La educación e información a la familia y cuidadores es especialmente importante para una mejor adaptación, y para que se lleven a cabo los cuidados específicos que necesiten.

Referencias:

  • De Winter, C. F., Baas, M., Bijlsma, E. K., van Heukelingen, J., Routledge, S., & Hennekam, R. (2016). Phenotype and natural history in 101 individuals with Pitt-Hopkins syndrome through an internet questionnaire system. Orphanet Journal of Rare Diseases, 11(1), 1-12.
  • Giurgea, I., Missirian, C., Cacciagli, P., Whalen, S., Fredriksen, T., Gaillon, T., … & Moncla, A. (2008). TCF4 deletions in Pitt‐Hopkins syndrome. Human mutation, 29(11), E242-E251.
  • Goodspeed, K., Newsom, C., Morris, M. A., Powell, C., Evans, P., & Golla, S. (2018). Pitt-Hopkins syndrome: a review of current literature, clinical approach, and 23-patient case series. Journal of child neurology, 33(3), 233-244.

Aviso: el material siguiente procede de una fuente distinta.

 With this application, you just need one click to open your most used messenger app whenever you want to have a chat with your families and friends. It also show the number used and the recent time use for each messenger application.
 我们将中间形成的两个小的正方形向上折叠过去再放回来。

  • Maini, I., Cantalupo, G., Turco, E. C., Paolis, F. D., Magnani, C., Parrino, L., … & Pisani, F. (2012). Clinical and polygraphic improvement of breathing abnormalities after valproate in a case of Pitt-Hopkins syndrome. Journal of Child Neurology, 27(12), 1585-1588.

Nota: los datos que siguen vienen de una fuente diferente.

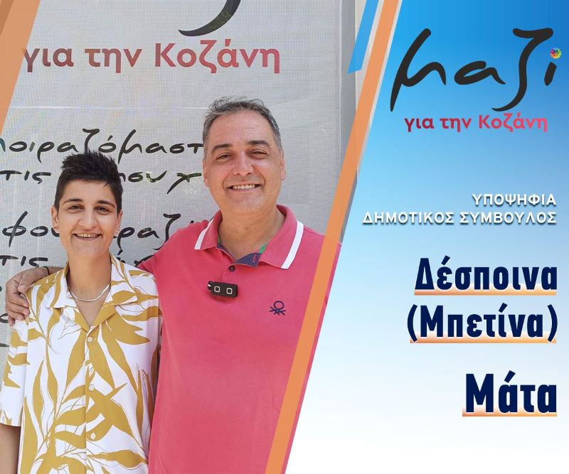 «Μαζί για την Κοζάνη» και η Μάτα Δέσποινα (Μπετίνα). Κόρη του Γιώργου Μάτα (συνταξιούχος ΔΕΗ) και της Ευτυχίας Κρανιώτη (συνταξιούχος ΟΤΕ). Είναι απόφοιτη ιατρικών συσκευών και απεικονίσεων (ακτινολογίας-ραδιολογίας) και εργάζεται εδώ και 10 χρόνια σε οδοντιατρείο στην Κοζάνη. Είναι ενεργό μέλος πολιτιστικού συλλόγου και αυτό της έδωσε το έναυσμα να ασχοληθεί με τα κοινά. Αποδέχτηκε αμέσως την πρόταση του Γιάννη Κοκκαλιάρη γιατί οι νέοι Μαζί θα πάνε τον τόπο μπροστά.

  • Marangi, G., Ricciardi, S., Orteschi, D., Lattante, S., Murdolo, M., Dallapiccola, B., … & Zollino, M. (2011). The Pitt‐Hopkins syndrome: Report of 16 new patients and clinical diagnostic criteria. American Journal of Medical Genetics Part A, 155(7), 1536-1545.
  • Peippo, M., & Ignatius, J. (2011). Pitt-hopkins syndrome. Molecular syndromology, 2(3-5), 171-180.
  • Steinbusch, C. V. M., van Roozendaal, K. E. P., Tserpelis, D., Smeets, E. E. J., Kranenburg‐de Koning, T. J., de Waal, K. H., … & Schrander‐Stumpel, C. T. R. M. (2013). Somatic mosaicism in a mother of two children with Pitt–Hopkins syndrome. Clinical genetics, 83(1), 73-77.
  • Takano, K., Lyons, M., Moyes, C., Jones, J., & Schwartz, C. E. (2010). Two percent of patients suspected of having Angelman syndrome have TCF4 mutations. Clinical genetics, 78(3), 282-288.
  • Van Balkom, I. D., Vuijk, P. J., Franssens, M., Hoek, H. W., & Hennekam, R. C. (2012). Development, cognition, and behaviour in Pitt–Hopkins syndrome. Developmental Medicine & Child Neurology, 54(10), 925-931.
  • Whalen, S., Héron, D., Gaillon, T., Moldovan, O., Rossi, M., Devillard, F., … & Giurgea, I. (2012). Novel comprehensive diagnostic strategy in Pitt–Hopkins syndrome: clinical score and further delineation of the TCF4 mutational spectrum. Human mutation, 33(1), 64-72.
  • Zweier, C., Sticht, H., Bijlsma, E. K., Clayton-Smith, J., Boonen, S. E., Fryer, A., … & Rauch, A. (2008). Further delineation of Pitt–Hopkins syndrome: phenotypic and genotypic description of 16 novel patients. Journal of medical genetics, 45(11), 738-744.